Im still on the stage where I have to understand how tuning hyperparams help the model perform better, but Ive figured that the sample size for this project is pretty small. Since you are doing so well, I would definetly move on but find something on kaggle with a bigger dataset!
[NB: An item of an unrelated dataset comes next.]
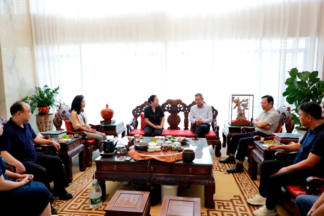 9 月 9 日上午,由全国工商联直属商会综合党委副书记、全国工商联商会发展服务中心副主任张一卫率领的全国工商联一行领导,在厦门市工商联副主席林志宏等厦门市工商联领导的陪同下,莅临泉舜集团开展考察调研活动,并与集团吴泉水董事长、吴丽娜副总裁和吴灿鑫总裁助理等集团高管进行了亲切且深入的座谈交流。抵达泉舜集团后,张一卫一行率先参观了集团文化墙。在参观过程中,张书记悉心了解泉舜集团一路走来的发展脉络,细致探究其当下的产业发展现状,尤其对泉舜党建工作所呈现出的特色,进行了重点关注与深入了解。随后开启的座谈氛围热烈且融洽。泉舜集团董事长吴泉水热情洋溢地对张一卫书记一行不辞辛劳地莅临调研表示诚挚的欢迎与由衷的感谢。吴泉水董事长感慨回顾了泉舜集团四十余载的漫漫创业路,其间虽历经诸多艰难险阻、饱尝风霜雨雪,但得益于中国改革开放的浩荡春风,企业得以打下坚实基础,创立下这一番不凡基业。吴董事长深情地表示,在这一过程中,集团始终对党和国家怀着深深的感恩之情,在企业经营与发展的每一个阶段,都紧紧跟随着党和国家的政策导向与前进步伐,与时俱进地不断调整企业自身的战略方向,矢志不渝地坚守着对党的忠诚与拥护,始终怀揣着对党和国家光明未来的坚定信念,期盼着能为社会主义现代化建设贡献更多、更大的力量。吴董事长还着重提到了集团在社会公益方面所付出的努力,他表示,“取之社会,回馈社会是泉舜集团一直秉持的理念。” 多年来,泉舜集团积极投身于各类公益事业,无论是扶残助残还是扶贫攻坚,始终以实际行动践行着社会责任,努力让公益之花在社会的各个角落绽放,期望用自己的力量让这个世界变得更加美好,让更多的人感受到来自企业的温暖与担当。张一卫书记在发言中,对泉舜集团的企业与党建文化表示赞赏。她指出,泉舜集团历经四十余年的发展历程,已然成为中国改革开放进程中的积极践行者与忠实见证者。在时代的浪潮中,泉舜集团始终秉持着与时俱进的发展理念,积极谋求转型升级,充分彰显出敢拼会赢、勇于开拓进取的优秀企业家精神,着实令人钦佩不已。尤为值得一提的是,吴泉水董事长在用心经营企业、推动企业蓬勃发展之余,时刻不忘肩负起应尽的社会责任,将 “做让人尊重的企业和做让人尊重的企业家” 当作自己不懈追求的崇高抱负,持之以恒地通过一桩桩、一件件实实在在的公益行动,践行着那份沉甸甸的公益担当,展现出了一抹熠熠生辉的亮色,为众多同行树立了标杆典范。基于此,张书记诚挚地向吴泉水董事长发出邀请,希望吴董在日后能够为青年企业家们授课讲学,将这份难能可贵的优良企业家精神传承下去,助力更多青年企业家茁壮成长,为民营经济的持续繁荣贡献智慧与力量。

I`m guessing that they provided a small dataset so it wouldn’t break their server.

Anyway, here’s , my code:

import tensorflow as tf
from tensorflow import keras
from tensorflow.keras.models import Sequential
from tensorflow.keras.preprocessing.image import ImageDataGenerator

from tensorflow.keras.callbacks import EarlyStopping
from tensorflow.keras import layers

import matplotlib.pyplot as plt
import app

generator = ImageDataGenerator( rotation_range=15, width_shift_range=0.2, zoom_range=0.2, height_shift_range=0.2, rescale=1./255)
batch = 10

train_iterator = generator.flow_from_directory('augmented-data/train',batch_size = batch,color_mode='grayscale', class_mode='sparse')
val_iterator = generator.flow_from_directory('augmented-data/test',batch_size = batch,color_mode='grayscale', class_mode='sparse')



callback = tf.keras.callbacks.EarlyStopping(monitor='accuracy', patience=3)

model = Sequential()
model.add(layers.Input(shape=train_iterator.image_shape))
model.add(layers.Conv2D(4, 3, activation='relu'))
model.add(layers.MaxPooling2D(pool_size=(3,3), strides=3))
model.add(layers.Conv2D(4, 3, activation='relu'))
model.add(layers.MaxPooling2D(pool_size=(3,3), strides=3))
model.add(layers.Flatten())
model.add(layers.Dense(16, activation='relu'))
model.add(layers.Dense(3,activation='softmax'))


model.compile(loss='sparse_categorical_crossentropy', optimizer=keras.optimizers.Adam(learning_rate=0.01), metrics=['accuracy'])
model.fit(train_iterator, epochs=1000, steps_per_epoch=100, validation_data=val_iterator,validation_steps=100, callbacks=[callback])

I got super high accuracy!
I used your code to troubleshoot mine and changed values, works great!
Highest accuracy is 0.8594, here’s the code:

import tensorflow as tf
from tensorflow import keras
from tensorflow.keras.models import Sequential
from tensorflow.keras.preprocessing.image import ImageDataGenerator
from tensorflow.keras.callbacks import EarlyStopping
from tensorflow.keras import layers
from tensorflow.keras import layers
from tensorflow.keras.losses import categorical_crossentropy
data_generator = ImageDataGenerator(rescale=1.0/255, zoom_range=0.1, rotation_range=25, width_shift_range=0.05, height_shift_range=0.05)
batch = 4
training_iterator = data_generator.flow_from_directory('dataset/train',batch_size = batch,color_mode='grayscale', class_mode='sparse')
validation_iterator = data_generator.flow_from_directory('dataset/test',batch_size = batch,color_mode='grayscale', class_mode='sparse')
model = Sequential()
model.add(layers.Input(shape=training_iterator.image_shape))
model.add(layers.Conv2D(4, 3, activation='relu'))
model.add(layers.MaxPooling2D(pool_size=(3,3), strides=3))
model.add(layers.Conv2D(4, 3, activation='relu'))
model.add(layers.MaxPooling2D(pool_size=(3,3), strides=3))
model.add(layers.Flatten())
model.add(layers.Dense(16, activation='relu'))
model.add(layers.Dense(3,activation='softmax'))
model.compile(loss='sparse_categorical_crossentropy', optimizer=keras.optimizers.Adam(learning_rate=0.01), metrics=['accuracy'])
print(model.summary())
es = EarlyStopping(monitor='accuracy', patience=3)
model.fit(training_iterator, steps_per_epoch=16, epochs=64, validation_data=validation_iterator, validation_steps=16, callbacks=[es])


Also, after deleting the steps_per_epoch and validation_steps I got high accuracy most of the time.
The model makes itself better, and at the 13th epoch I got 0.9004!
At the beginning the accuracy was low (0.4) but it rose to the previously shown peak.